Let’s get Scaling (With Hyperscaling)

A famous line from the 1975 film Jaws sees a terrified Chief Brody backing into the cabin, uttering “You’re gonna need a bigger boat”. 

This is because he had just seen the size of the shark they were hunting.

Allow me to ruin Jaws for you. It could’ve been a simple, 30-minute movie if they had just equipped the boats more appropriately to help them catch the shark. 

Yeah. I said it.

But what exactly does that have to do with scaling your technology stack? Let me elaborate.

What Exactly Is Scaling?

Scaling, in dictionary terms, can refer to the removal of scales, or even the scraping of tartar from teeth. But in tech terms, it speaks to a system’s ability to grow according to the workloads it needs to handle.

This is often in two buckets, Vertical Scaling or Horizontal scaling.

Vertical scaling (Also referred to as scale up)  implies that we get a bigger processing mechanism to handle a workload. We do this by upgrading memory, adding more CPU, increasing disk space, using more network interfaces, etc. and essentially upgrade the system.

Horizontal scaling implies that we add additional processing points of similar size and specification and distribute the load amongst them. It eases the loads, minimising any lag, downtimes or crashes. It follows the basic tenet of “many hands make light work”.

A Brief Background on Vertical Scaling

Vertical scaling speaks to a more monolithic approach to systems design. Although an evolution on mainframes, it still uses the concept of throwing the whole workload at a single processing point. 

This was popularized by hardware vendors being able to box a lot more hardware into smaller packages and making it expandable. But as with everything there is an eventual bottleneck, which in the case of vertical scaling was most often the motherboard. 

There is only so much silicon you can throw at a problem until you are eventually wasting precious silicon and coming nowhere near solving the problem.

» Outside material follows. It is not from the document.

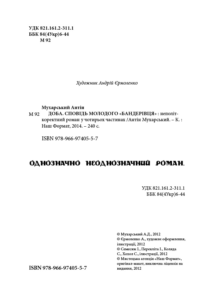 Книга вийшла друком у Мистецькій Агенції «Наш Формат» спільно з видавництвом «Зелений пес» попри всі перешкоди. Нагадаємо, що побачивши ілюстрації Андрія Єрмоленка та прочитавши вступ до роману, друкувати його відмовились три друкарні поспіль! Мовляв, у них цензура не пропустить.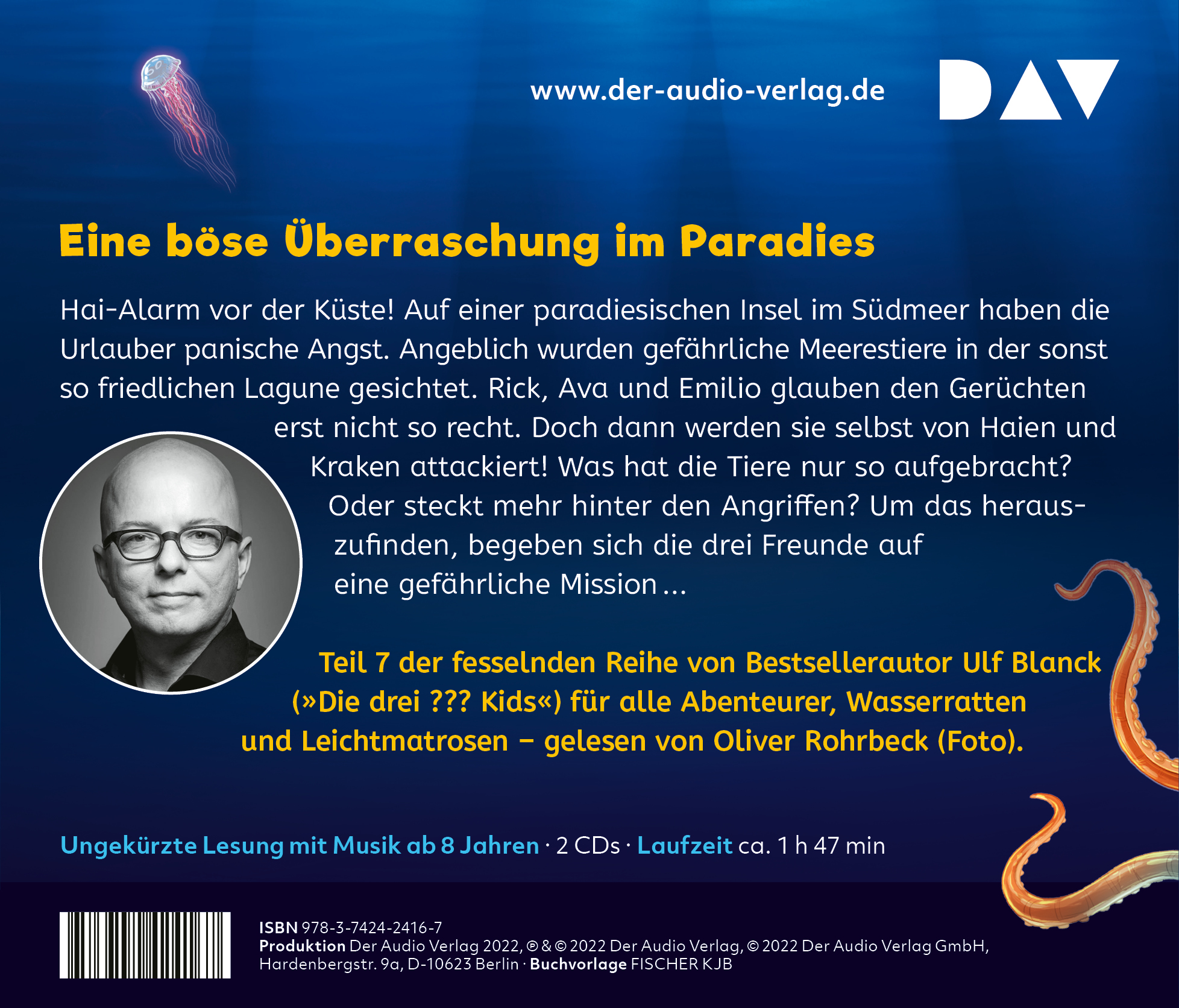 Hai-Alarm vor der Küste! Die Urlauber auf der paradiesischen Insel im Südmeer haben panische Angst. Rick, Ava und Emilio glauben erst nicht so recht an die Gerüchte. Doch dann werden sie selbst von Haien und Kraken attackiert! Was hat die Tiere so aufgebracht? Oder steckt mehr hinter den Angriffen? Die drei Freunde begeben sich auf eine gefährliche Mission. Teil 7 der spannenden Reihe von Bestsellerautor Ulf Blanck (»Die drei ??? Kids«) für Abenteurer, Wasserratten und Leichtmatrosen - ungekürzt gelesen von Oliver Rohrbeck.Ungekürzte Lesung mit Musik mit Oliver Rohrbeck2 CDs | ca. 1 h 47 min

Is vertical scaling still a thing? Simply put, yes.

Financial institutions still run mainframes and utility companies still run data warehouses.  Any privately owned and managed infrastructure footprint is a prime candidate for vertical scaling. Especially in the golden age of virtualization. It saw a massive resurgence in the viability of vertically scaling the underlying infrastructure to unlock additional guest processing. 

The ability to add more (up to a point) can also make financial sense when the usable lifetime of the hardware can be extended by a facelift here and there.

Is vertical scaling ideal? Succinctly put, no. 

A Brief Background on Horizontal Scaling

Horizontal scaling started to make sense when virtualization became reliably productionized. Organizations were not using all of their hardware most of the time and made the mistake of always buying more. Much to the frustration of the people writing the cheques.

Using the available hardware and creating more instances instead of massive single instances made a lot of sense and it was a more efficient use of the hardware that was there.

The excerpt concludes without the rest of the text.